Nutter - great pics though...


----------



## w_man (Apr 16, 2010)

That looks SICK!!!! :O


----------



## xpatusa (May 8, 2010)

Facebook profile pic!!!


----------



## M.Sharaf (Nov 19, 2008)

i would love to do it ,but couldnt find contact number , any one has it ? 

tC .


----------



## katiepotato (Apr 29, 2008)

You can book it thorugh Dream Days - Dreamdays, Dubai, UAE, Dubai Gift Experiences, Birthday Gift Vouchers, Activity Gift Vouchers, Dubai Experience Gift Vouchers, Corporate Incentives, HR Incentives Dubai


----------



## titirangi (Aug 14, 2008)

Wow. now thats a photo.


----------



## Emrati (May 12, 2010)

who is this guy ? awesome ! is there a service that lets you dive ? though i dont think i can..scary !


----------



## marc (Mar 10, 2008)

Cant wait till I go skydiving!! 

Is the umm al quwain center open?


----------



## Maz25 (Jul 6, 2008)

marc said:


> Cant wait till I go skydiving!!
> 
> Is the umm al quwain center open?


No, it shut down a while back.


----------



## Elphaba (Jan 24, 2008)

There is always the skydiving simulator at Mirdiff City Centre...


-


----------



## |James| (Dec 23, 2009)

simulator?


----------



## Elphaba (Jan 24, 2008)

Yes. It's called iFly Skydiving Centre. Like a large vertical windtunnel.

-


----------



## Maz25 (Jul 6, 2008)

Elphaba said:


> Yes. It's called iFly Skydiving Centre. Like a large vertical windtunnel.
> 
> -


Haven't tried it and very unlikely that I ever will (too chicken) but my friend is a fan of it.
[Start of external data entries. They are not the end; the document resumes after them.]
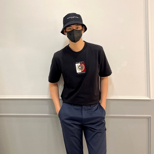 写真には、パンツのポケットに手を入れたままこちらを見つめているキム・スヒョンが写っている。バケットハットを主役に、ジャストサイズのTシャツと涼しげなネイビーのスラックスを合わせたコーディネートが爽やかな印象を与えている。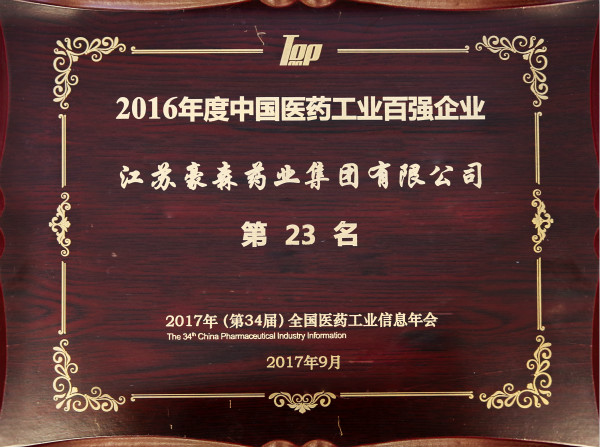 豪森药业荣膺2016年度中国医药工业百强企业23强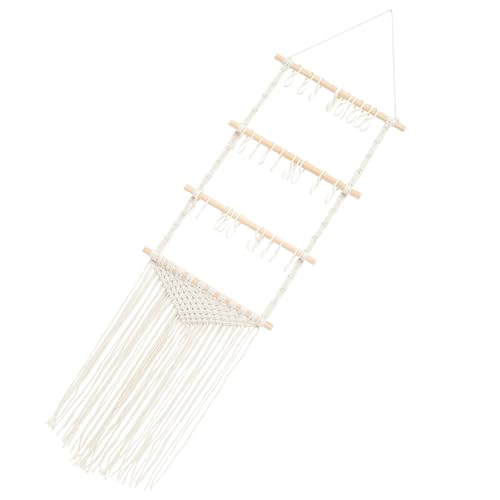HEALSOPTHY Wooden Hairpin Holder Wall Hanging Organizer with Tassel Braiding Rack for Hair Clips and Bows Storage Space-saving Headdress Storage Rack for Decor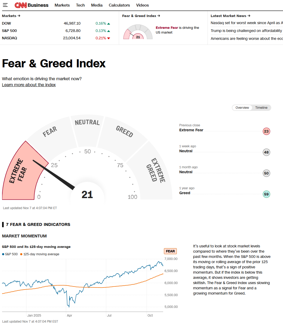 ㅇ Fear & Greed 지수 : 21(-2) 극도 공포 구간 유지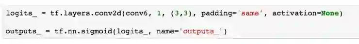 在 TensorFlow 中也封装了对 Upsample 的操作,我们使用 resize_nearest_neighbor 对 Encoder 卷积的结果 resize,进而再进行卷积处理。经过三次 Upsample 的操作,我们得到了 28 x 28 x 64 的数据大小。最后,我们要将这个结果再进行一次卷积,处理成我们原始图像的大小。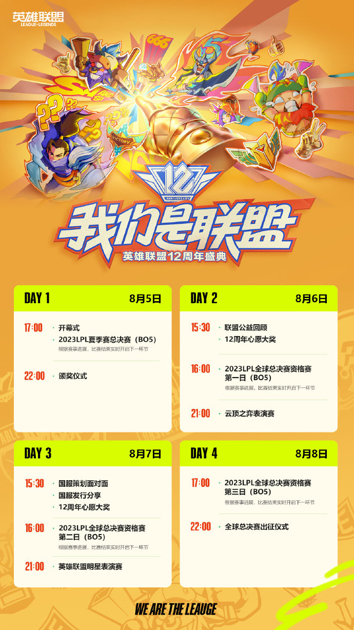 随着夏季赛走向尾声,我们正式向召唤师们发出邀约:8月5日至8月8日,2023英雄联盟12周年盛典将在西安曲江竞技中心正式拉开帷幕。其中,2023LPL夏季赛总决赛将于8月5日打响,LPL赛区全球总决赛资格赛将于8月6日至8月8日上演。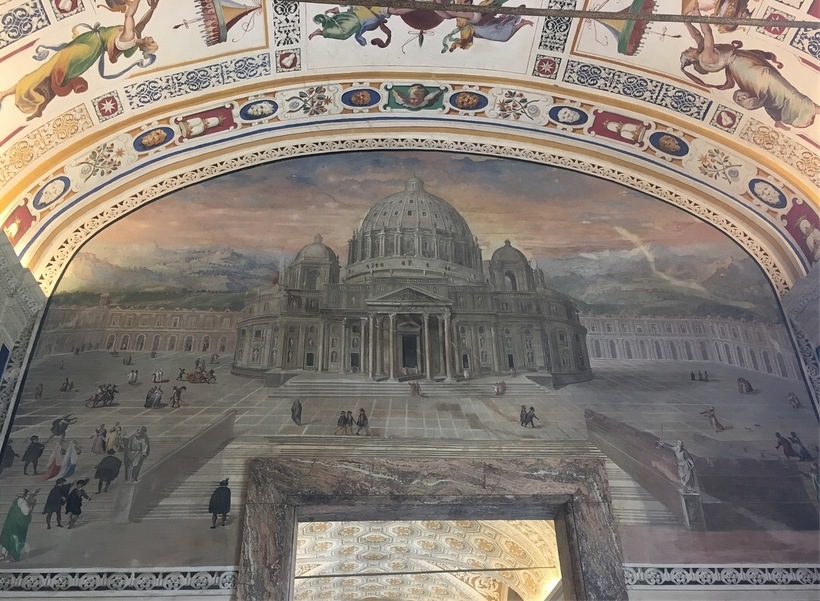 Обойдя огромную площадь Св.Петра полностью, я отправилась в дворцы Ватикана. Дворцы Ватикана образуют крупнейший музейный комплекс в мире, который хранит уникальные произведения искусств Караваджо, Рафаэля, Микеланджело.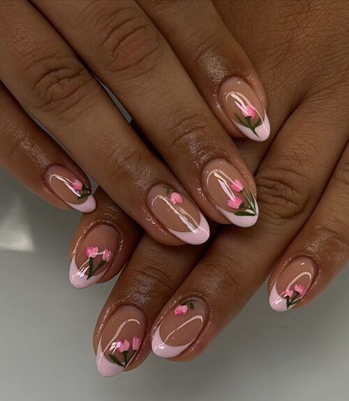 Soft pink French tips with delicate tulip nail art create the perfect spring manicure.
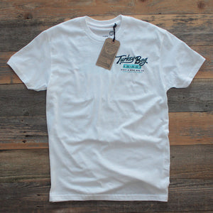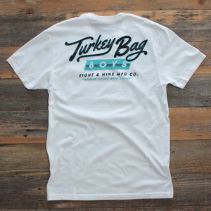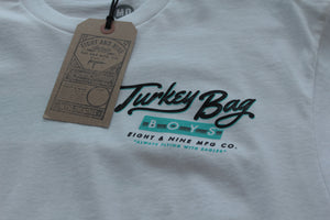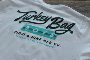 Hey, if you don't know feel free to ask. But yea, super clean for fall '14. Left chest full back print. Turkey Bag Boys graphic in a white and tiffany color scheme. Simplicity reigns supreme.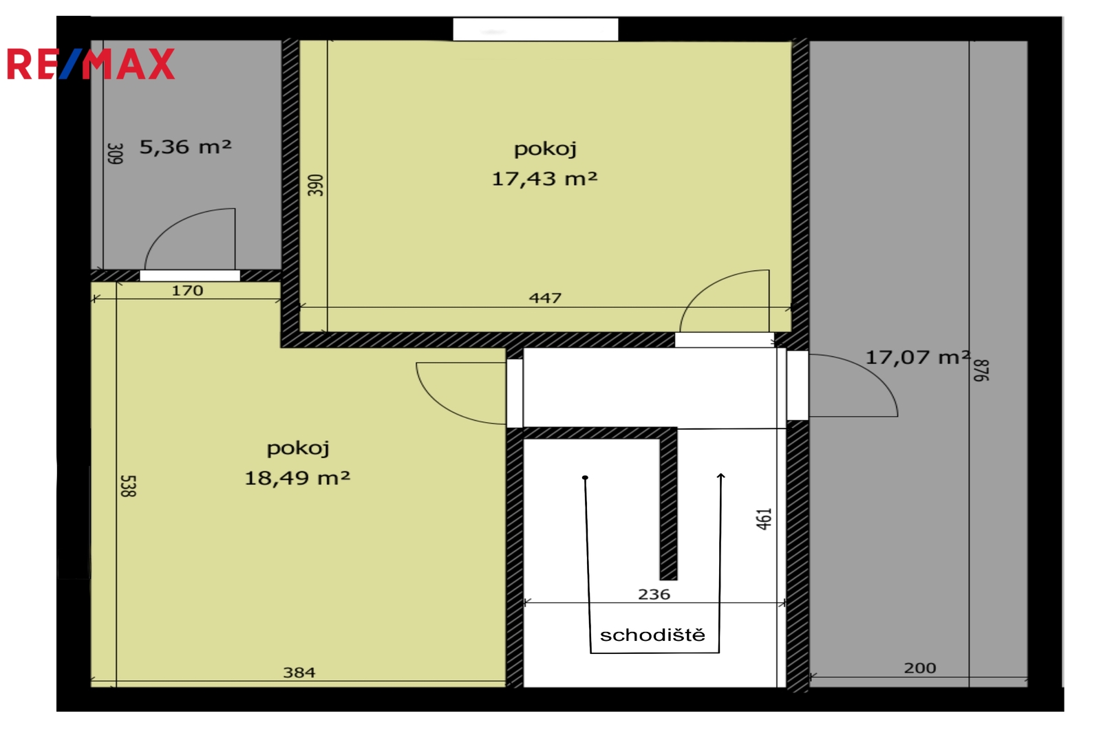 1. patro: dva pokoje, půdní prostor, který lze v rámci rekonstrukce dále využít.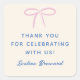 Pink Simple Bow Custom Message and Name Square Sticker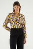 Twill viscose shirt with pear print. With a V-neckline and long sleeves finished with buttoned cuffs. Front closure with buttons.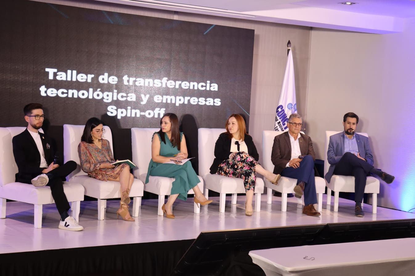 El taller de transferencia tecnológica y empresas spin-off se desarrolla este viernes en un hotel capitalino y logró reunir a más de 75 participantes del sector privado, de la academia, sociedad civil y gobierno, para conversar sobre la importancia de articular esfuerzos y construir una ruta que permita el trabajo conjunto para ser más competitivos.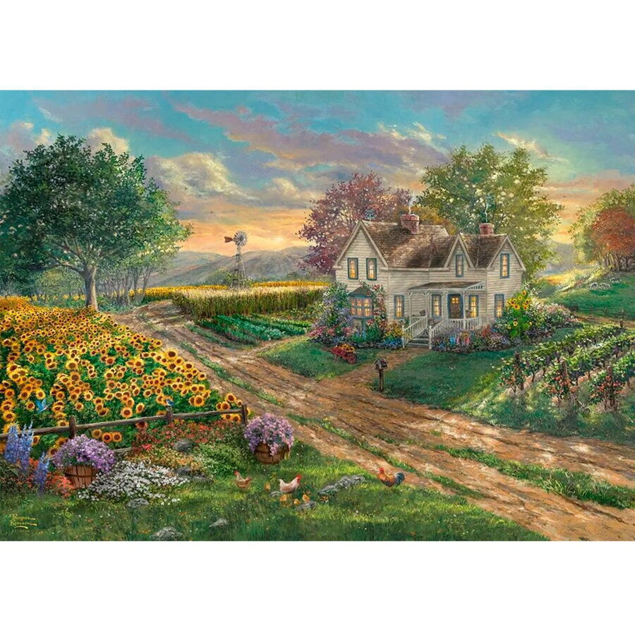 Το παζλ Schmidt 58779 Sunflower Field 1000 τεμαχίων παρουσιάζει ένα ηλιόλουστο χωράφι με ηλιοτρόπια, αποτυπωμένο με ζωντανά χρώματα και φωτεινή ατμόσφαιρα μέσα από τη χαρακτηριστική καλλιτεχνική προσέγγιση του Thomas Kinkade. Η σύνθεση αναδεικνύει τη φυσική ομορφιά, την πληθώρα των λουλουδιών και την αίσθηση ζεστασιάς, προσφέροντας μια ευχάριστη και δημιουργική εμπειρία συναρμολόγησης.

Apparently, if you want to do a solo dive, you can increase your number of jumps at the wind tunnel (rather than doing a sky dive each time) and it counts towards the requirements for solo jumps.


----------



## marc (Mar 10, 2008)

Where else is there to go Skydiving?

I prefer the real thing no simulations!!! - even though ifly looks awesome.


----------



## SwedeUAE (Dec 28, 2009)

*Skydive Dubai*



M.Sharaf said:


> i would love to do it ,but couldnt find contact number , any one has it ?
> 
> tC .


Here you go!


Skydive Dubai is up and running! Since Feb 10th 2010 they have been putting, on average, 12 loads up a day with exception to this past week. The weather has been their nemesis but dubai only gets this a few times a year so once the wind has settled down, you can expect that they will be back to jumping their beautiful Porter jump ship 
They are also welcoming tandems! If you want to experience free falling and canopy flying just show up and they will fit you in. Alternatively you can call 050 153 3222 and book something with skydive dubai for a later date. 
They are working extremely hard to improve everything down to the last detail before the official opening of the drop zone so until then, please just go down their to jump and check out what everyone is talking about!!


----------



## rsinner (Feb 3, 2009)

SwedeUAE said:


> Here you go!
> 
> 
> Skydive Dubai is up and running! Since Feb 10th 2010 they have been putting, on average, 12 loads up a day with exception to this past week. The weather has been their nemesis but dubai only gets this a few times a year so once the wind has settled down, you can expect that they will be back to jumping their beautiful Porter jump ship
> ...


No offense but do you work for them ? Sounds like it


----------



## Andy Capp (Oct 5, 2008)

few more pics...


----------



## SwedeUAE (Dec 28, 2009)

rsinner said:


> No offense but do you work for them ? Sounds like it


Copied straight from their obscure and hard to find website  But atleast it had their phone number in there!


----------